His face tightens. “Who the hell are you? You killed Kapitan, and yes, the world is a much better place without that bastard. But they will find you, Bina. And if they can’t find you, they will come after me and Aleks. You put us at great risk. You know that, right?”

My heart is no longer pounding, it’s crashing. I know that. So does Aleksander. It is the most troubling piece of all. Jakub now knows that I am willing to sacrifice him for the big picture. That if I am discovered, he will pay the price for my actions. That’s how it works in the ghetto—the crime of one family member is a consequence for all. That’s how they have us cowering like beaten dogs. Sweat trickles down my temples. Jakub can see it. I need to go, but I don’t want us to end like this. I point to the table with his precious papers. “The archives... I will be on the outside. Please, let me help. Let me get your work into the right hands.”

Jakub glances at the table. He realizes that his murderess wife is his one chance to bring the story of the ghetto beyond the walls. But he doesn’t want to give me the satisfaction. His forehead furrows, a thousand lines making their presence known. He is wrestling with himself, and I don’t have time for his painfully time-consuming analytics.

I move past him, walk to his worktable. “I need to leave immediately. But let me do this one thing for you.”

He exhales hard, says nothing, just nods. I take that as a yes and pick up the first stack of papers. His own reporting. The book he’s working on, rigorously documenting daily ghetto life. His insights, his creation. There is so much more, but this pile means the most to him.

“I will protect it,” I vow, pressing the papers to my chest. “I will give this to someone who will make this matter. I promise you.”

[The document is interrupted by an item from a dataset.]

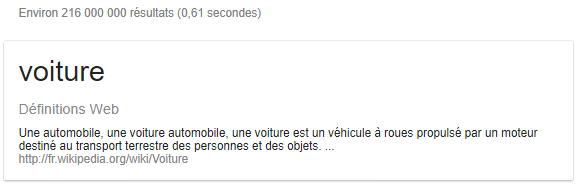 Google peut définir des mots pour toi. La syntaxe est : define:mot.

He nods again, but with some extras: a deep squint, a head tilt, and a tight pressing of his lips—a look I know intimately. It is the same intense expression when he slipped the ring on my finger, when he buried our dead fetus, when he orgasms.

“I know you think my work means nothing,” he says with resentment. “That the archives are a waste of time. History will prove you wrong.”

Guns matter. Food matters. Freedom matters. But to Jakub, the stories matter most.

I open my suitcase in front of him to stuff the papers inside. And when I look up, his eyes meet mine, only with less hate. I had stuck our wedding picture on top of all my clothes. Beneath it (which he doesn’t see) is a photo of Aleksander and me by the sea, our backs to the camera—a silhouette of his body near mine, not touching, with just enough air between us. Karina and Jakub were also there that perfect summer day, but lounging on the beach blanket. Jakub took the picture. He thought it was artsy. If only he knew.

No more words are exchanged between us. We are done. I’m glad he saw the wedding picture. Tears fill his eyes as he pulls me in close, just like he did the night I murdered Kapitan. His embrace is hard, demanding. It’s over, we are over. We embrace everything we lost and everything we will never have together. I am late for the mission, but it doesn’t matter right now. I want to savor Jakub one last time, hold on to the quiet between us. Zelda will have to deal with it. Dabrowski will have five minutes extra to live. Feeling the jutting bones of my husband’s thin, sunken-in chest against me, I whisper one lone truth into his ear. “Live, Jakub... Just live.”